Model Card for nvidia/Llama-3_3-Nemotron-Super-49B-v1-LMUL

This model is a derivative of nvidia/Llama-3_3-Nemotron-Super-49B-v1, modified to use a custom attention mechanism defined by the l_mul_attention function from the lmul library.

Model Details

  • Original Model: nvidia/Llama-3_3-Nemotron-Super-49B-v1
  • Architecture: DeciLM (decilm)
  • Modification: The forward method of the DeciAttention module has been replaced (monkey-patched) with a custom implementation that utilizes the l_mul_attention logic. Note that in some blocks of the original model, the attention layer is skipped entirely; those blocks are unaffected by this modification.

Scientific Rationale

This model was modified as part of a research project investigating alternative attention mechanisms in large language models. The l_mul_attention function implements a novel approach to calculating attention scores, and this model serves as a test case for evaluating its performance, efficiency, and impact on reasoning and generation tasks compared to the standard attention implementation.

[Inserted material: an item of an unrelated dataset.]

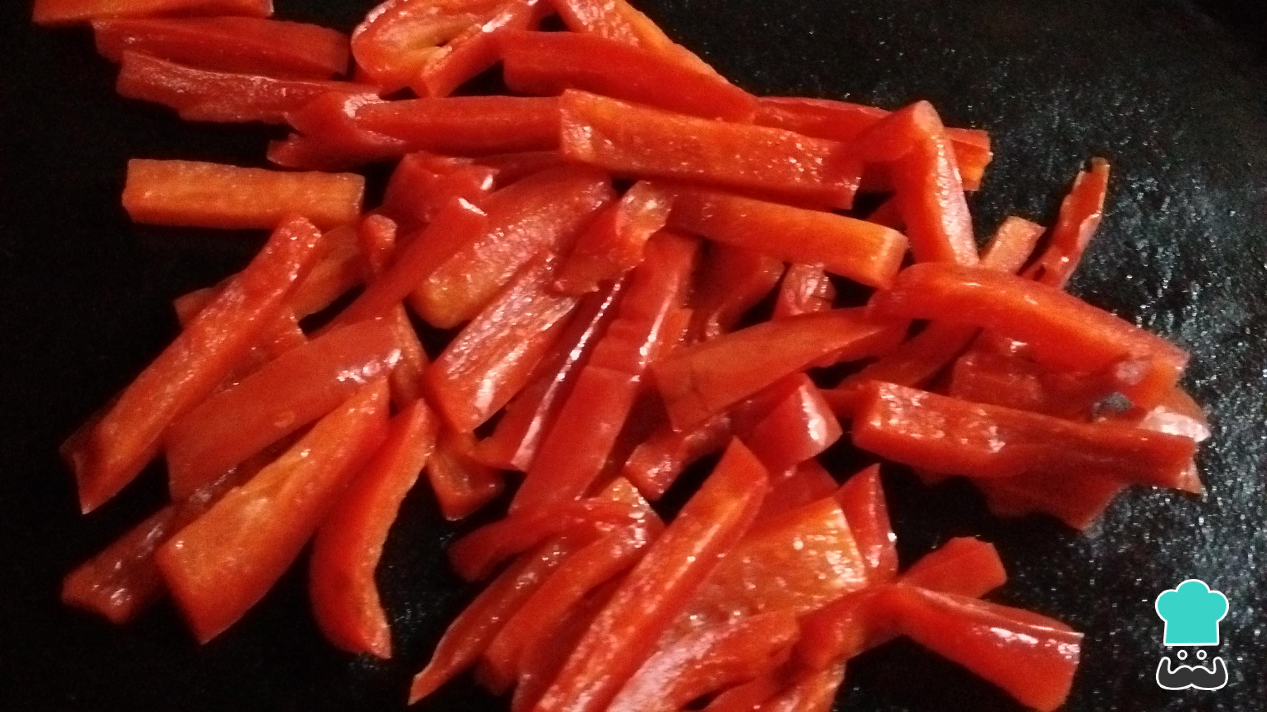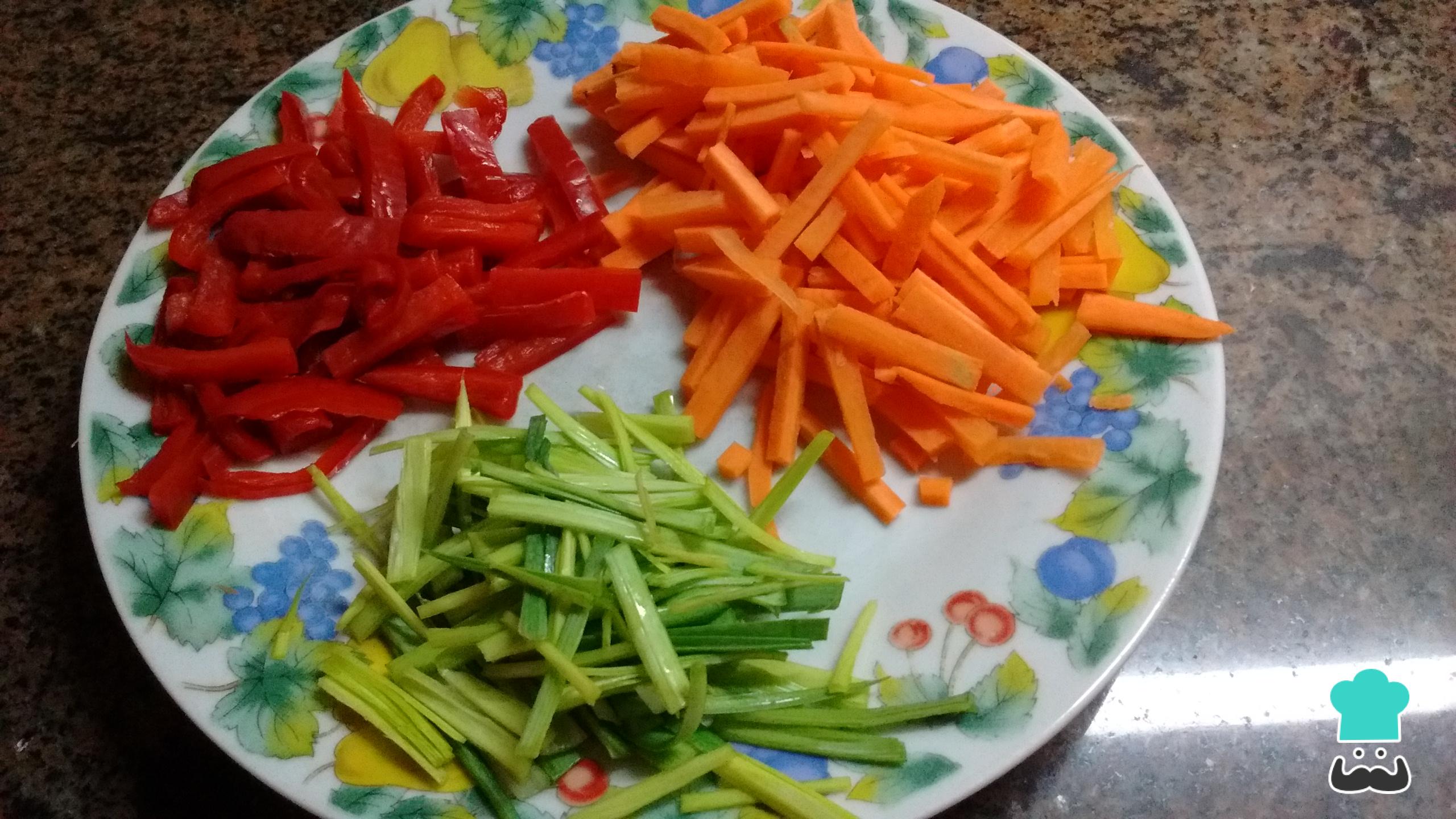 Seguidamente, debes cortar la zanahoria, el pimiento rojo y las hojas tiernas del puerro en finas tiras.

By releasing this model, we hope to encourage further research into non-standard attention mechanisms and provide a practical example for the community to build upon.

How to Get Started

You can use this model with the standard transformers library pipeline. Because the base model uses a custom architecture, you must use trust_remote_code=True when loading it.

from transformers import AutoTokenizer, AutoModelForCausalLM
import torch

# Make sure to log in with your Hugging Face token if the model is private
# from huggingface_hub import login
# login("your-hf-token")

model_id = "YOUR_HF_USERNAME/Llama-3_3-Nemotron-Super-49B-v1-LMUL" # Replace with your HF username
device = "cuda" if torch.cuda.is_available() else "cpu"

tokenizer = AutoTokenizer.from_pretrained(model_id)
model = AutoModelForCausalLM.from_pretrained(
    model_id,
    torch_dtype=torch.bfloat16,
    device_map="auto",
    trust_remote_code=True  # Important! Required by the base model
)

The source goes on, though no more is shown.